▶ _What is expected_
Once the images are set aside, return every entry exactly.

Listed records below:

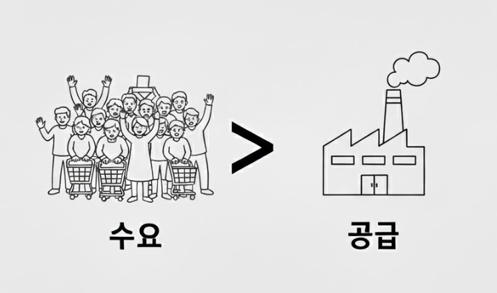 가장 기본적으로는 물건을 사려는 사람(수요)이 팔 물건(공급)보다 많을 때 가격이 오릅니다.
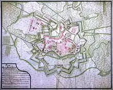 - Veduta lui Ottendorf cu cetatea otomană și harta lui Perrette
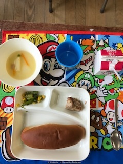 20日の給食は「こくとうパン・牛乳・かつおのガーリックマヨネーズ焼き・ベーコンと野菜のスープ・グリーンアスパラガスのソテー」でした。
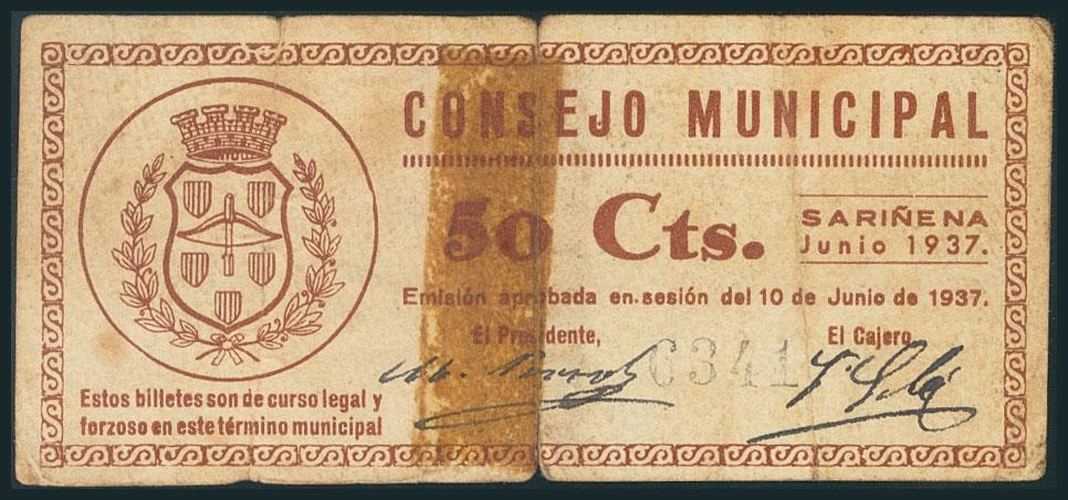 SARIÑENA (HUESCA). 50 Céntimos. 10 de Junio de 1937. (González: 4785). Presencia de restos de cinta adhesiva. RC.
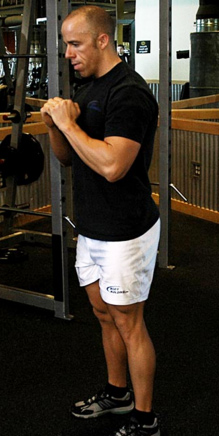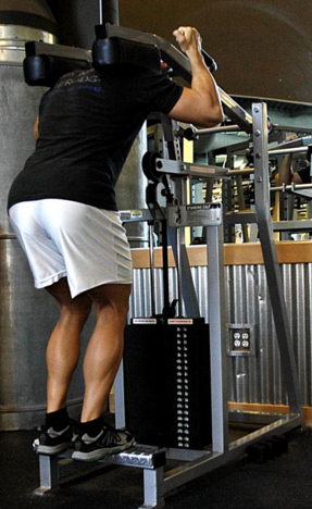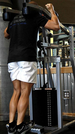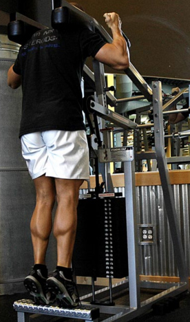 | Standing Calf Raise Stretch : กล้ามน่องแบบหนาเทอะทะและมี รูปทรงเป็นเพชร แบบที่ใครๆก็อยากได้ จะตกเป็นของคุณได้ก็ด้วยการยืดเส้นในท่านี้ เริ่มต้นด้วยการขึ้นไปยืนบน Standing Calf Raise Machine / ให้ใช้แผ่นน้ำหนักในขนาดที่คุณบริหารท่านี้ตามปกติ ได้ 8 reps แล้วหมดแรงพอดี จากนั้น ให้เกร็งกล้ามน่อง แล้วเขย่งร่างกายขึ้นจนสุดตัว อย่างที่เห็นในภาพ จังหวะที่ 2 ในภาพข้างบนนี้ จากนั้นก็ค่อยๆผ่อนกล้ามน่อง ด้วยการเคลื่อนที่ร่างกายทั้งหมดลงอย่างช้าๆ จนกระทั่งระดับของส้นเท้าอยู่ต่ำกว่าแผ่นยืน และอยู่ต่ำกว่าระดับนิ้วเท้าของเราเอง และไม่สามารถลงไปต่ำได้มากกว่านี้อีกแล้ว ซึ่งก็คือภาพ จังหวะที่ 3 ที่เห็นอยู่ในภาพข้างบนนี้ ค้างอยู่ใน จังหวะที่ 3 นี้ 30 - 60 วินาที สำหรับการยืดเส้นในท่านี้ คุณสามารถปรับเปลี่ยนรูปแบบของการวางเท้าได้ตามใจชอบ |
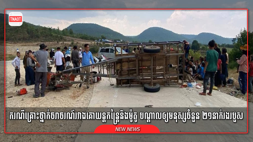 គោយន្តកន្ត្រៃ ប៉ះគ្នាជាមួយម៉ូតូ បណ្ដាលឲ្យមនុស្សចំនួន ២១នាក់រងរបួសធ្ងន់ស្រាល

End of Listed records.

▶ _The completed task_
 가장 기본적으로는 물건을 사려는 사람(수요)이 팔 물건(공급)보다 많을 때 가격이 오릅니다.
 - Veduta lui Ottendorf cu cetatea otomană și harta lui Perrette
 20日の給食は「こくとうパン・牛乳・かつおのガーリックマヨネーズ焼き・ベーコンと野菜のスープ・グリーンアスパラガスのソテー」でした。
 SARIÑENA (HUESCA). 50 Céntimos. 10 de Junio de 1937. (González: 4785). Presencia de restos de cinta adhesiva. RC.
 | Standing Calf Raise Stretch : กล้ามน่องแบบหนาเทอะทะและมี รูปทรงเป็นเพชร แบบที่ใครๆก็อยากได้ จะตกเป็นของคุณได้ก็ด้วยการยืดเส้นในท่านี้ เริ่มต้นด้วยการขึ้นไปยืนบน Standing Calf Raise Machine / ให้ใช้แผ่นน้ำหนักในขนาดที่คุณบริหารท่านี้ตามปกติ ได้ 8 reps แล้วหมดแรงพอดี จากนั้น ให้เกร็งกล้ามน่อง แล้วเขย่งร่างกายขึ้นจนสุดตัว อย่างที่เห็นในภาพ จังหวะที่ 2 ในภาพข้างบนนี้ จากนั้นก็ค่อยๆผ่อนกล้ามน่อง ด้วยการเคลื่อนที่ร่างกายทั้งหมดลงอย่างช้าๆ จนกระทั่งระดับของส้นเท้าอยู่ต่ำกว่าแผ่นยืน และอยู่ต่ำกว่าระดับนิ้วเท้าของเราเอง และไม่สามารถลงไปต่ำได้มากกว่านี้อีกแล้ว ซึ่งก็คือภาพ จังหวะที่ 3 ที่เห็นอยู่ในภาพข้างบนนี้ ค้างอยู่ใน จังหวะที่ 3 นี้ 30 - 60 วินาที สำหรับการยืดเส้นในท่านี้ คุณสามารถปรับเปลี่ยนรูปแบบของการวางเท้าได้ตามใจชอบ |
 គោយន្តកន្ត្រៃ ប៉ះគ្នាជាមួយម៉ូតូ បណ្ដាលឲ្យមនុស្សចំនួន ២១នាក់រងរបួសធ្ងន់ស្រាល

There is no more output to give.